Figure 2 shows the outcomes of another sensitivity analysis, assuming that some of patients with RA did not meet the definition of “possible cases of RA.” However, it is unlikely that many patients with RA receiving care for RA in the study population did not meet any criterion of “possible cases of RA” (Table 1), including RA-related phrases in the free text of the medical chart. The electronic medical chart was used in all of 64 hospitals in the Tokushukai Medical Group and the search for RA-related phrases was almost perfect (except for handwritten phrases in the reference letter in PDF format).

A strength of the current study is that we used data from 64 hospitals located in various parts of Japan; thus, the results are likely more representative of the general population compared to studies covering only one or a few hospitals [9,10,11]. As shown in Table 3, the age─sex distribution was similar between small non-DPC hospitals and DPC hospitals located in East and West Japan. The boundary between primary care and second/tertiary care is indistinct in the Japanese health care system [16], and both small and large hospitals maintain large outpatient departments and provide outpatient care to nearby residents. For example, 86% out of the 1,590,669 patients received outpatient care only during the 1-year study period. The similarity of the age─sex distribution between small and large hospitals in East and West Japan reflects the fact that outpatient care in Japanese hospitals is usually open to all nearby residents, although this does not necessarily mean that the population in the current validation study is representative of Japan’s people. Another strength of the current study was that two rheumatologists were able to review the original electronic medical charts in the various hospitals through the network.

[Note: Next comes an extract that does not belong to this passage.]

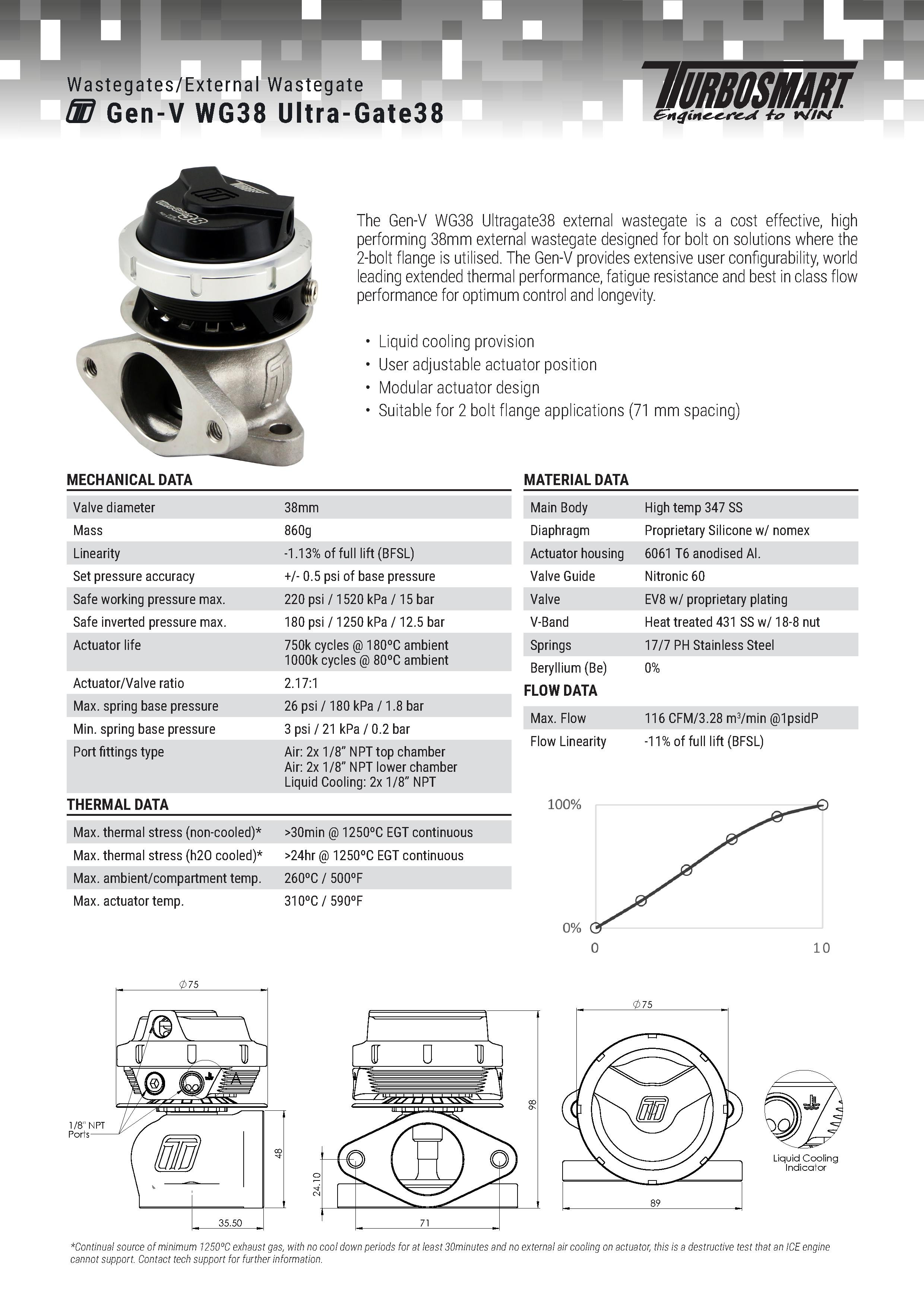 Zewnętrzny zawór wastegate GenV WG38 UltraGate38 jest sprawdzonym w sportach motorowych, ekonomicznym zewnętrznym zaworem wastegate - największym w gamie Turbosmart GenV i o najwyższym przepływie na świecie. Gen-V zapewnia szeroki zakres konfiguracji, wiodącą na świecie zwiększoną wydajność termiczną, odporność zmęczeniową i najlepszą w klasie wydajność przepływu dla optymalnej kontroli i długowieczności.
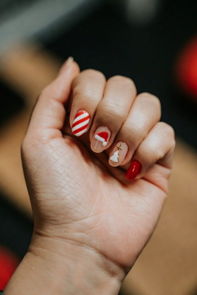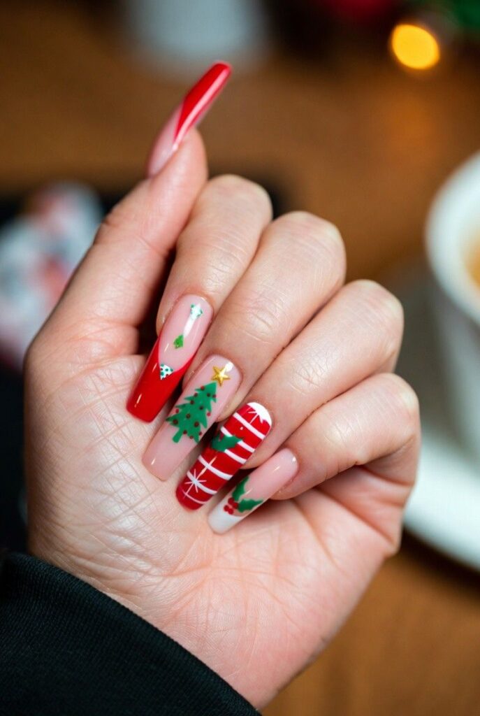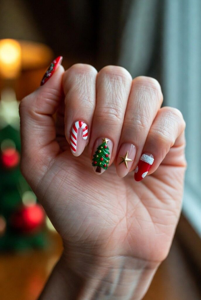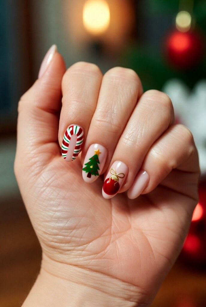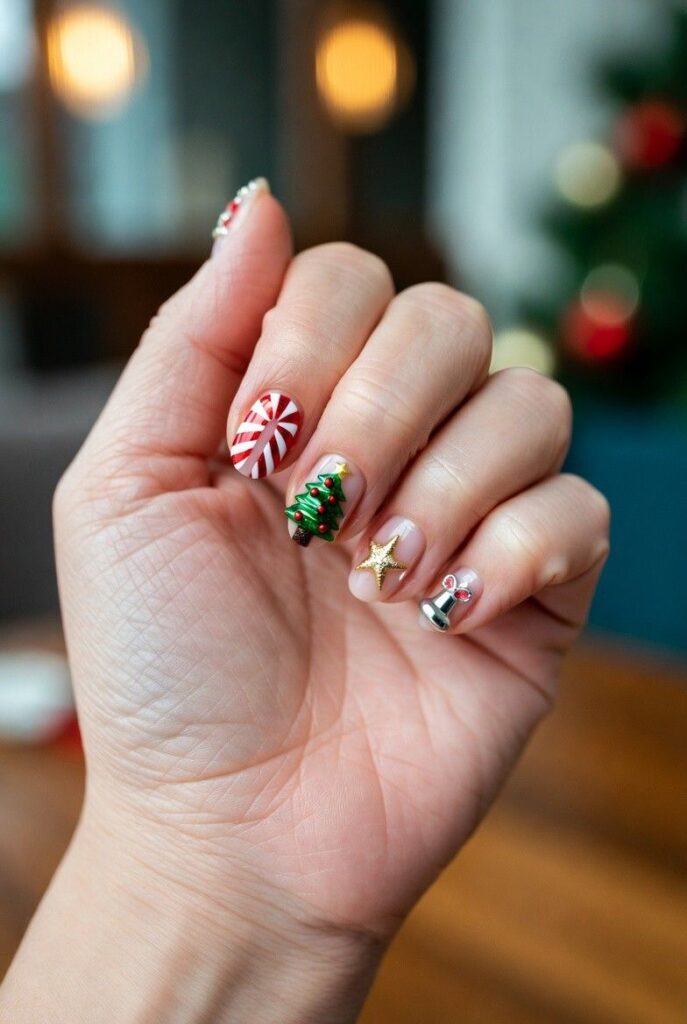 “Soft nude nails get a festive upgrade with a red-and-white candy cane, a tiny green Christmas tree with red ornaments, and a gold star — all clustered together like a little holiday scene. It’s playful, classic, and totally Instagram-worthy — like wearing a Christmas card on your fingertips.”

However, the current study has several limitations. Since record-linkage access in the study using the administrative database is strictly prohibited, we could not perform chart review for random samples directly selected from the administrative database. Thus, the population in the validation study is likely to differ from populations in future research where the validated definition is used. Nevertheless, the adjusted prevalence, estimated by the method of the quantitative bias analysis, will to some extent reduce bias because of the difference of the population in the validation study compared to future research, provided that the sensitivity and specificity are the same between the two studies. Another limitation was that we excluded as many as 39 patients receiving RA care in a different hospital from the main analysis, leading to reduced statistical power, although the confidence interval of SE obtained in the primary analysis (e.g., 0.73 (0.62–0.83) for Definition 23) roughly met the prespecified level (within ±0.1). Last, X-ray radiographs were not available through the network when the two rheumatologists reviewed the medical charts in the current study, which may have reduced the accuracy of the judgment on whether a patient had RA.

Conclusion

We conducted a validation study of the claims-based definition of RA in approximately 1.6 million patients who had inpatient or outpatient care in 64 hospitals located in various areas of Japan. We found a suitable claims-based definition that may be used to estimate the prevalence of RA in future research using a population-based claims data such as NDB Japan. We recommend that (in future research to estimate the prevalence of RA) the best claims-based definition found in the current validation study (Definition 23 or 24) be used. We also suggest estimating the adjusted prevalence using the quantitative bias analysis method because the population in the “hospital-based” validation study is different from that in future research.